The compiler ensures that no reference outlives its owner. In this code, reference y borrows x and is still active when x gets reassigned:

Rust
let mut x = Vec::<u32>::new();
let y = &x;
x = Vec::<u32>::new();   // compile error, x loses its Vec,
println!("{:?}", y);     //   but y depends on x

The compiler rejects this code because borrowed y outlives the original vector. However, if we flip the order of the last two statements, the code compiles and runs just fine. The lifetime of y would end before x is reassigned.

Mutable References

We cannot change a value through a plain reference, even if the owning variable is mutable. This code fails to compile because it calls the mutating method push_str on immutable reference y:

Rust
let mut x = String::from("ear");
let y = &x;
y.push_str("ring");    // compile error

If a reference is immutable, then the borrowing code can only read and not edit the value. This is a severe limitation. Good news. We create mutable references using the &mut operator. This code changes the reference operator & to the mutable reference operator &mut:

Rust
let mut x = String::from("ear");
let y = &mut x;
y.push_str("ring");    // mutates the string

If we create a mutable reference, no other reference may be active at the same time, not even an immutable one. This code fails to compile because immutable y is still active when mutable z is declared:

Rust
let mut x = String::from("ear");
let y = &x;
let z = &mut x;   // compile error
println!("{}", y);

If the println! call was removed or even moved up before the declaration of z, then y would no longer be considered active when z was declared, and the code would compile.

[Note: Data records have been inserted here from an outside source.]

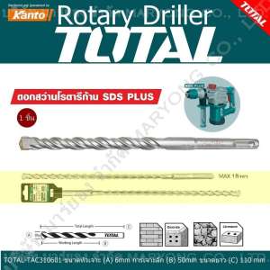 Total ดอกสว่าน โรตารี่ก้าน SDS PLUS สำหรับ เครื่องสว่านโรตารี่ TOTAL-TAC310601 ขนาดหัวเจาะ (A) 6mm การเจาะลึก (B) 50mm ขนาดยาว (C) 110 mm หัวเจาะนำศูนย์ เจาะตรงจุด ไม่ลื่นไหล แม่นยำ 1 ชิ้น (Code 1N-01) ซื้อทางแอพและเว็บออนไลน์ มั่นใจได้ในความปลอดภัย มีเก็บเงินปลายทาง จัดส่งถึงมือแน่นอน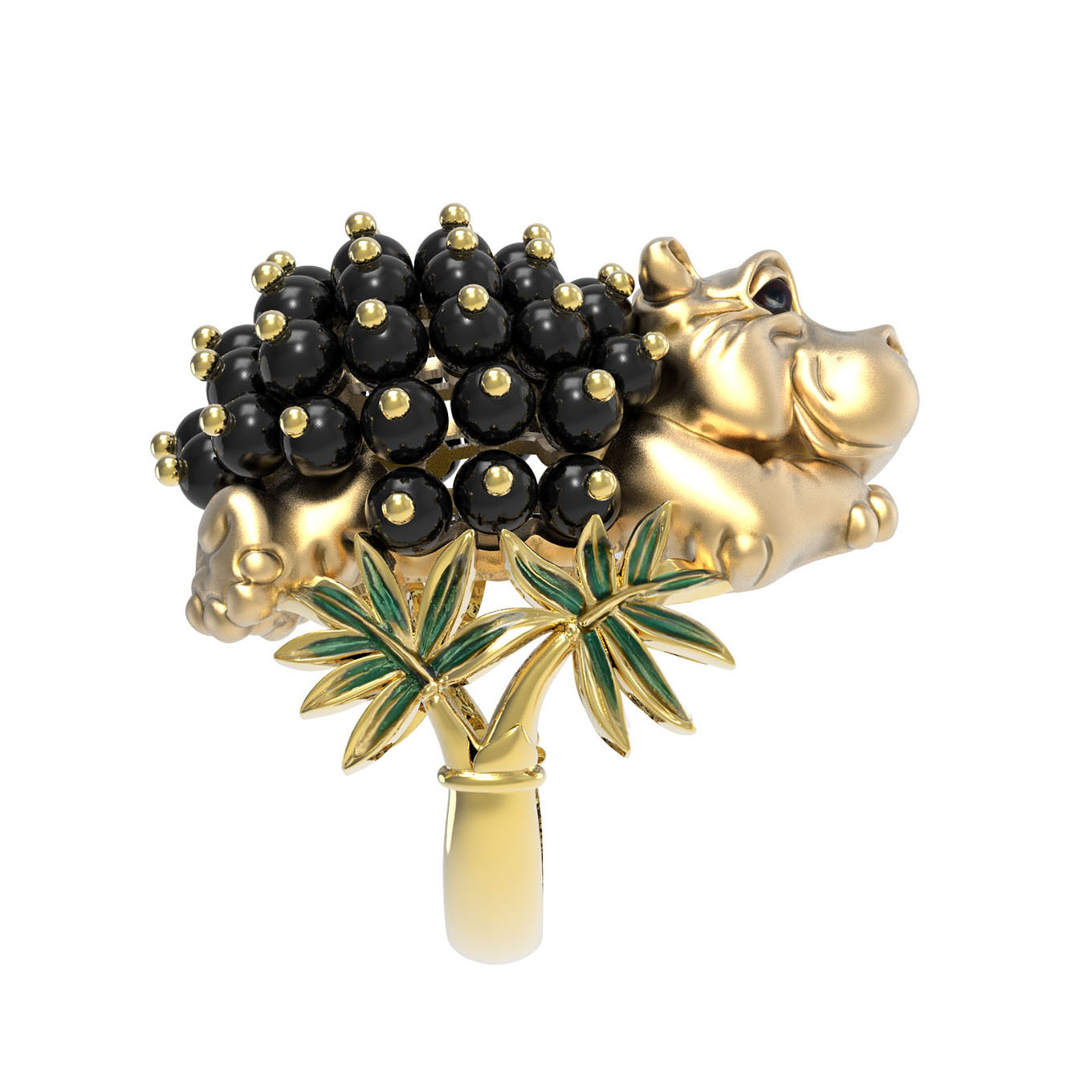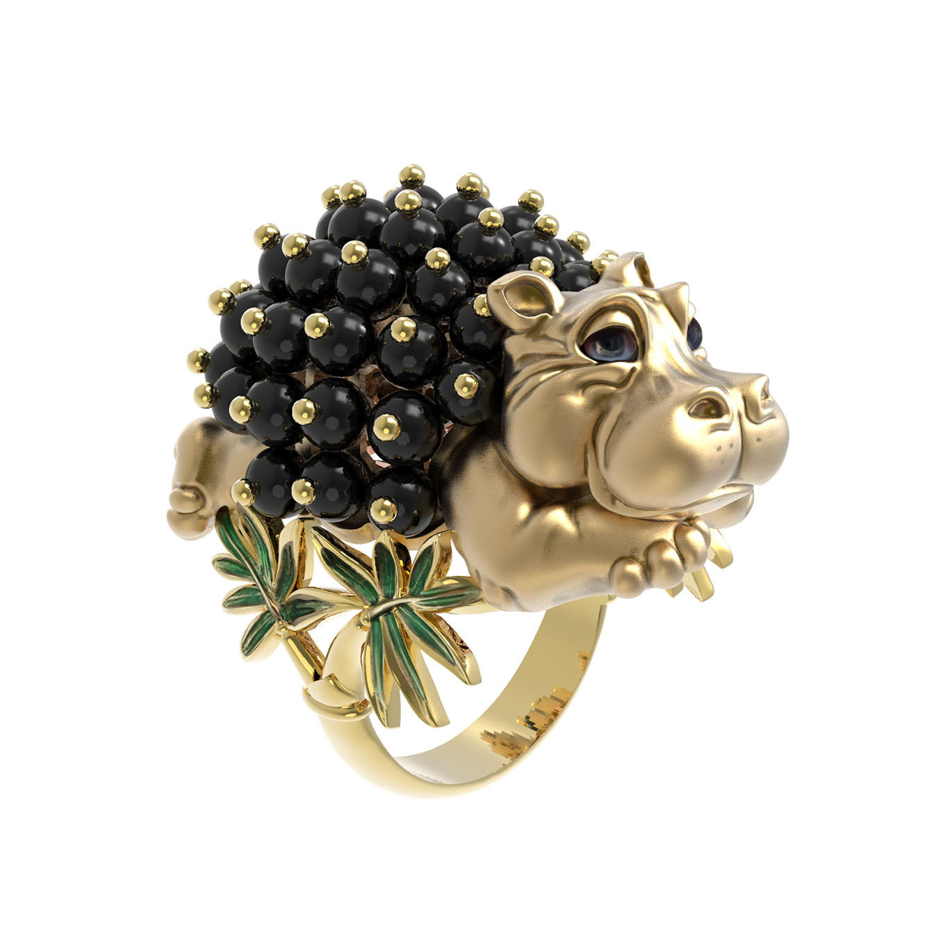 Кольцо из лимонного золота c эмаль и ониксом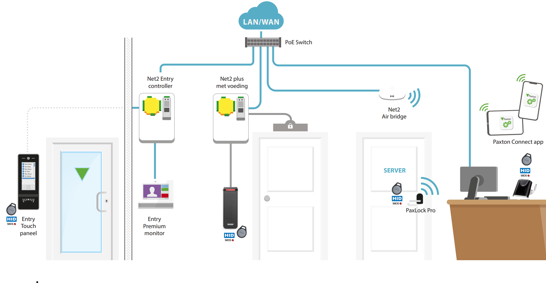 Hoe ziet de systeemopbouw er dan precies uit? Zie het onderstaande overzicht hoe de systeemopbouw er bijvoorbeeld uit kan zien als u HID SEOS lezers toepast, maar ook gebruikt wilt maken van Net2 Multiformat kaartlezers of PaxLock Pro deurbeslagen.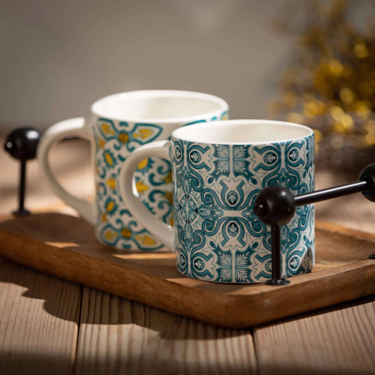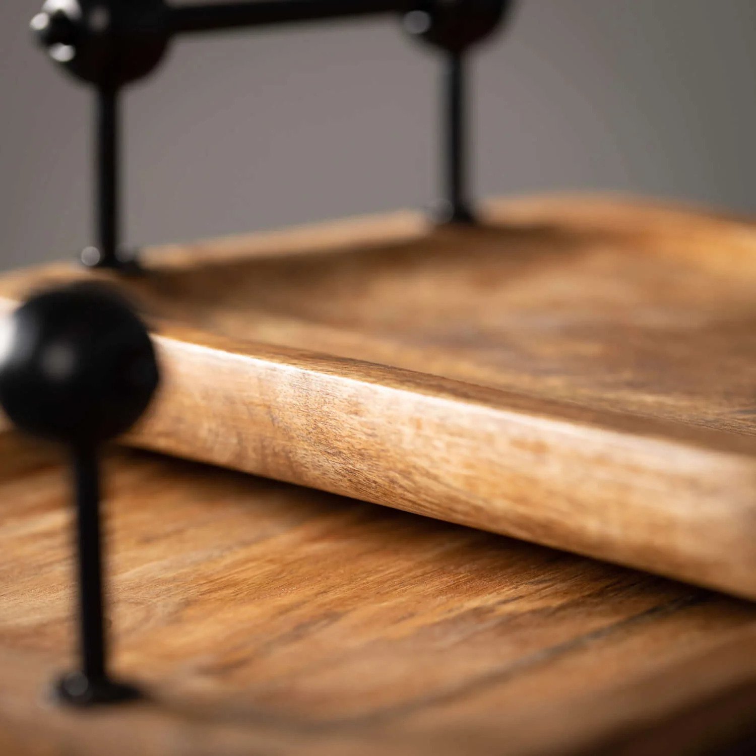 Decorate your space with this pair of rustic wooden trays made from natural rubber wood. Stylish and handsome, this serving piece features hammered metal handles and a unique level of detail.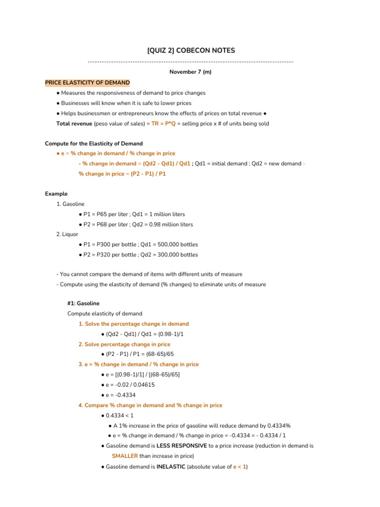 ● Total revenue at the new price: TR = P*Q = 68*0.98M liters = P66.64 M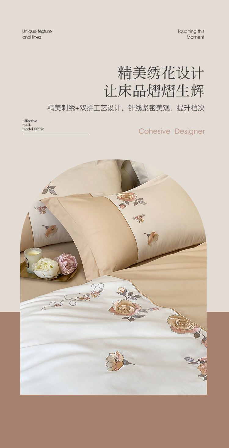 (总)理想家家纺 2025新款纯棉轻奢刺绣四件套-小秘密系列场景二,小秘密 粉,小秘密 黄,小秘密 蓝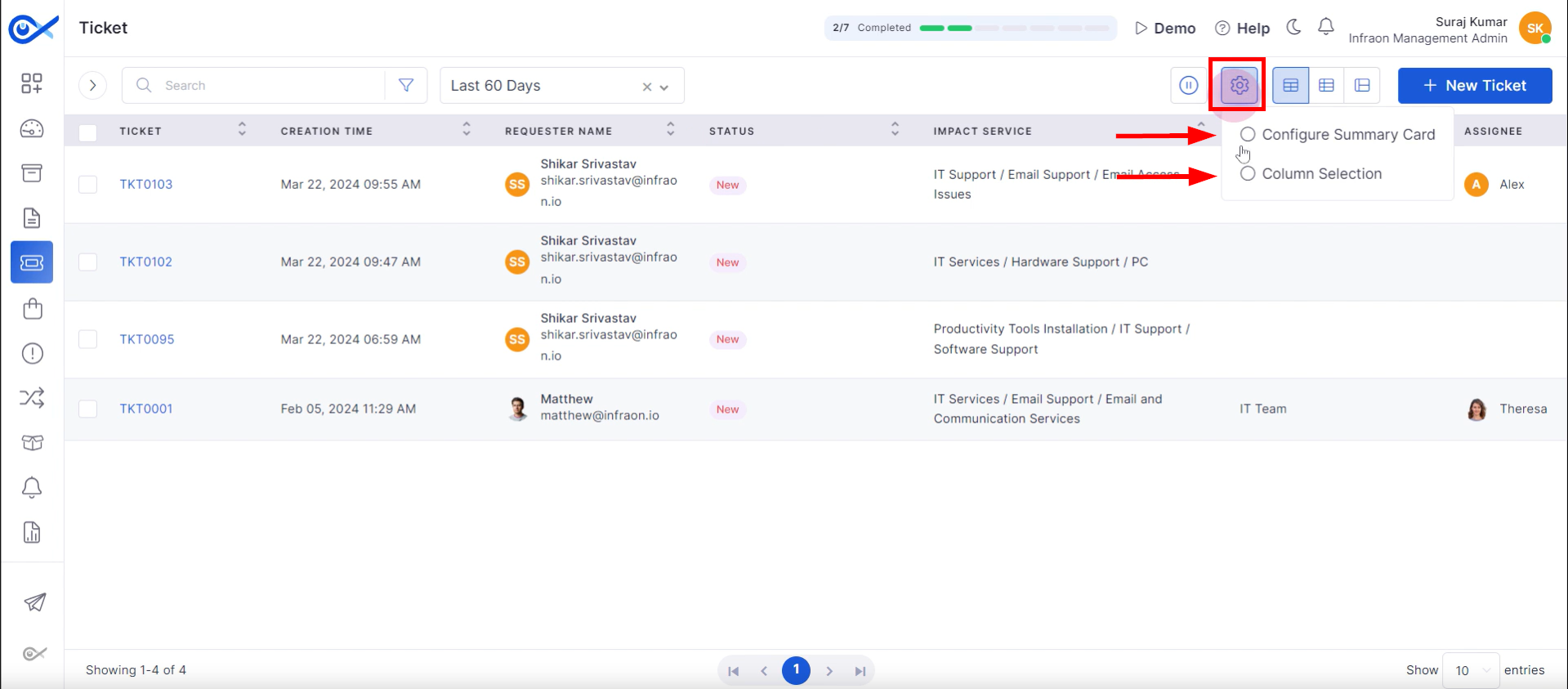 The smart grid offers a **“Configure Summary Card”** option, enabling users to customize the card's content. This includes adding ticket source and analysis details and toggling the visibility of impact and severity indicators. Alternatively, the impact status can be displayed directly on the main page by selecting the corresponding option and saving the changes.

If we could have two mutable references active at the same time, then there's a chance that simultaneous edits would put the value in an inconsistent state. Some languages allow simultaneous edits and put the burden of synchronizing them on the programmer. Rust's borrow checker prevents simultaneous editors from even existing.

If we could have a mutable reference and an immutable reference active at the same time, then the entity with the immutable reference would be surprised to find the value that it believes immutable has been mutated.

Your past experience with permissive languages will likely get you in trouble with Rust's borrow checker. Stick to these principles to stay in its good graces:

Copy Semantics

Sometimes we might wish to make an independent copy of a value instead of moving it from one owner to another. In fact, this is what happens with primitive data and simple types like tuples made of primitives. This code creates two separate u32 instances and increments them:

Rust
let mut m = 17;
let mut n = m;
m += 1;   // 18
n -= 1;   // 16

Variable m starts off with the value 17, and n gets an independent copy of this value. Changes to one copy are not reflected in the other.

More complex types are moved rather than copied because copying large objects is expensive. But we can force a copy by calling the clone method. This code creates and edits two separate strings, with variable n getting its own copy of the string content of m:

Rust
let mut m = String::from(":");
let mut n = m.clone();
m.push_str(")");       // m is :)
n.push_str("(");       // n is :(

We can ask the compiler to automatically generate clone methods for our custom types using traits, which we'll examine next chapter.